Technology
Why India Changed Its GDP Calculation Method: An In-Depth Analysis
Introduction
India officially changed its GDP calculation method in 2015 to adopt a new methodology based on the recommendations of the National Statistical Commission (NSC) and the broader practices of international statistical organizations, such as the World Bank and the International Monetary Fund (IMF). This change aimed to provide a more accurate representation of the country's economic status, reflecting the increasing complexity and digitalization of the Indian economy. This article delves into the reasons behind this significant shift and its implications.
Improved Accuracy
The new GDP calculation method sought to enhance the accuracy of economic data by incorporating a wider range of data sources. One significant change was the utilization of the Goods and Services Tax (GST), a comprehensive indirect tax levy that replaced multiple earlier taxes. The integration of the GST into the GDP calculation method allowed for a more comprehensive and up-to-date assessment of economic activities. Additionally, the government introduced improved data collection methods, ensuring that the GDP figures more accurately reflect the true economic performance of the country.
Base Year Revision
The base year for calculating GDP was changed from 2004-05 to 2011-12. This alteration aimed to provide a more contemporary reflection of economic activities and structural changes in the Indian economy. By utilizing a more recent base year, the GDP figures better represent the current state of the economy, making them more relevant for policy formulation and planning.
Inclusion of New Sectors
The updated methodology also included previously underrepresented sectors, such as the digital economy. This inclusion is crucial for a more comprehensive view of economic performance. The digital economy has rapidly grown and now contributes significantly to India's GDP. By including it, the new method provides a more accurate reflection of the overall economic landscape.
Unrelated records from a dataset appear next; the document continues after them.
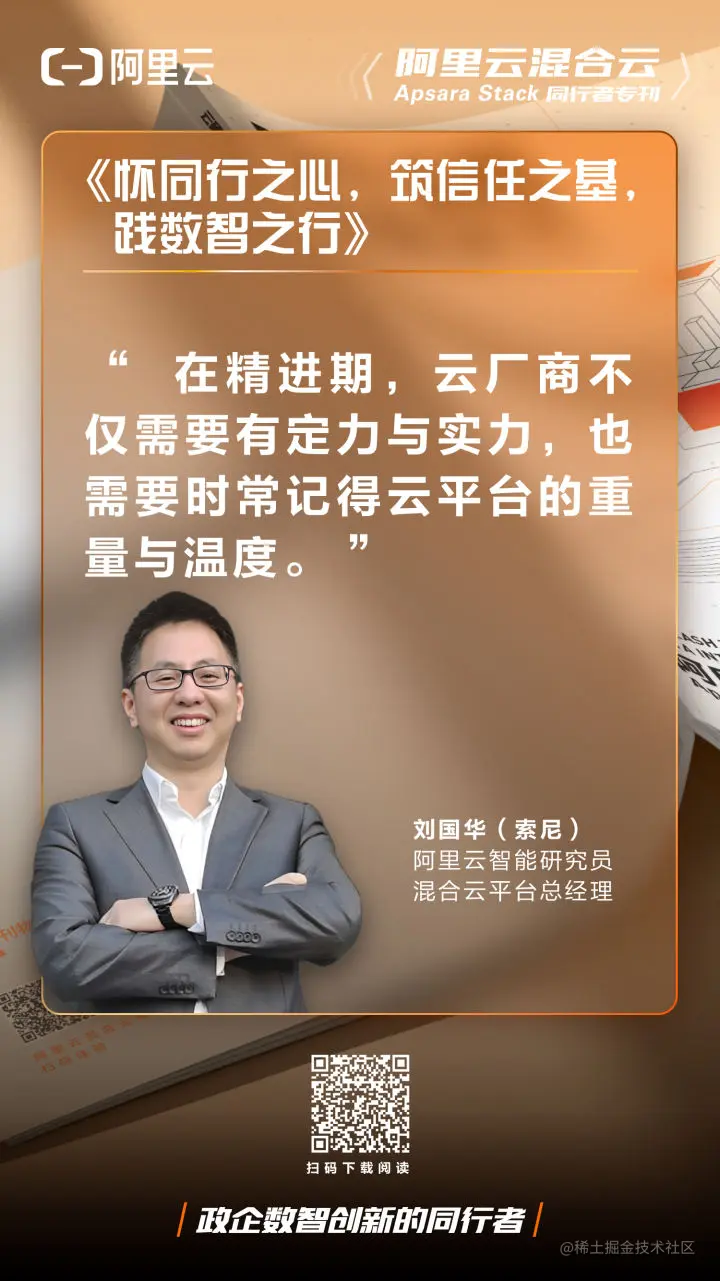 简介: 政企云平台处在怎样的历史阶段?数智创新的同行者们面临着怎样的挑战与机遇?在时代巨幕下,政企期待云厂商扮演怎样的角色?阿里云智能研究员、混合云平台总经理刘国华认为,云厂商不仅需要有定力与实力,也需要体会云平台的重量与温度。
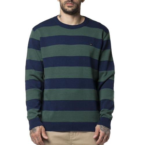 Tricot RVCA careca listrado, em ponto com listras, barra das mangas e do corpo em canelado, com etiqueta RVCA aplicado no peito e etiquetas personalizadas.
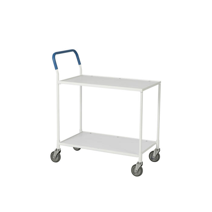 Denne bordvogn er udstyret med to hylder og et højt håndtag, hvilket gør den praktisk til mange formål. Den er lavet af en robust, lakeret stålkonstruktion og har en 10 mm limet laminattop. Afstanden mellem hylderne er 51 cm, og højden til den øverste hylde er 72 cm. Vognen har fire drejelige hjul med en diameter på 10 cm, hvilket gør den nem at flytte rundt. Den kan bære op til 150 kg og leveres usamlet.
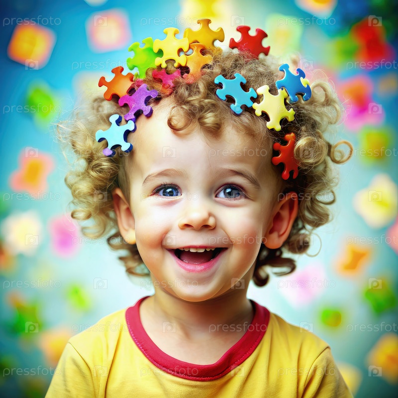 Маленький ребенок с кудрявыми волосами, носящий красочные фрагменты головоломок, ярко улыбается
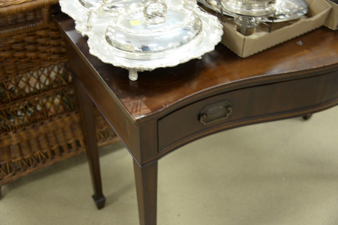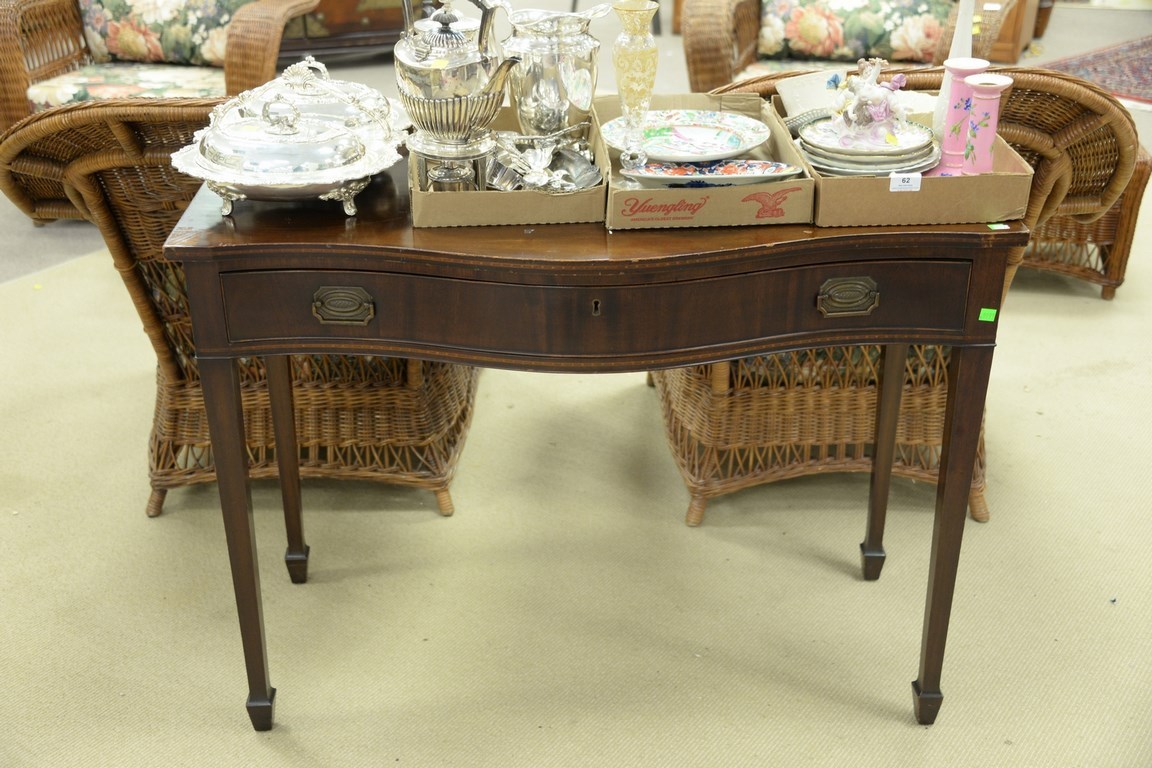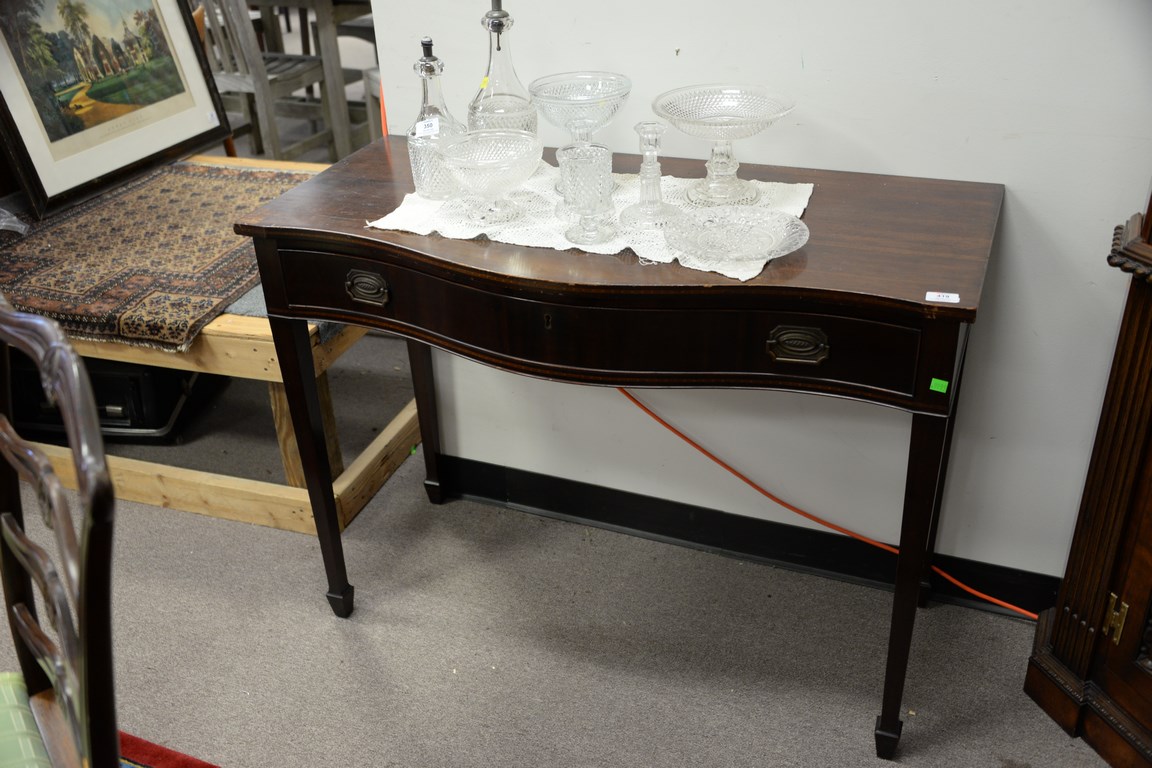 Margolis mahogany Federal style server with one drawer and bow front. ht. 52 in. wd. 43 1/ 2in.

Alignment with International Standards
The change in GDP calculation method is also aligned with international standards set by organizations such as the World Bank and the IMF. This alignment enhances the comparability of India's economic data with that of other countries, making it easier to conduct cross-country analyses and assessments. The alignment with international standards is particularly important in the context of global trade and economic integration.
Reflecting Economic Growth
Perhaps the most visible impact of the new GDP calculation method is the higher growth rates it has shown. The new figures capture the dynamism of the Indian economy, particularly in the services sector. This higher growth rate is seen as a reflection of the economic transformation that India has undergone, moving towards a more service-oriented economy.
Economic Policy Formulation
A more accurate GDP calculation is crucial for better policy formulation and economic planning. The government can now make informed decisions based on reliable data, which is essential for sustaining and accelerating economic growth. The improved accuracy in GDP figures helps in identifying economic challenges and opportunities, enabling policymakers to design effective strategies.
Shift to Market Prices
Another significant change in the GDP calculation method was the switch from using factor costs to market prices. This shift is more in line with global practices and specifically aligns with the recommendations of the System of National Accounts (SNA) 2008. By using market prices, the new method takes into account the gross value addition in goods and services as well as indirect taxes and subsidies. This change adds taxes and reduces subsidies, providing a more accurate reflection of the economy's true value addition.
Commentators generally agreed that this shift reflects a move away from the state-driven, manufacturing-focused economy of the Nehruvian Fabian socialist era. Tim Worstall of Forbes called the previous system of factor costs a relic of the state-driven manufacturing-focused approach.
While the change was intended to improve accuracy and representation, it also faced criticism regarding the reliability of the new data and the methods used. Nonetheless, the shift to a more modern and comprehensive GDP calculation method is undoubtedly a step towards a more informed and data-driven approach to economic policy formulation and planning in India.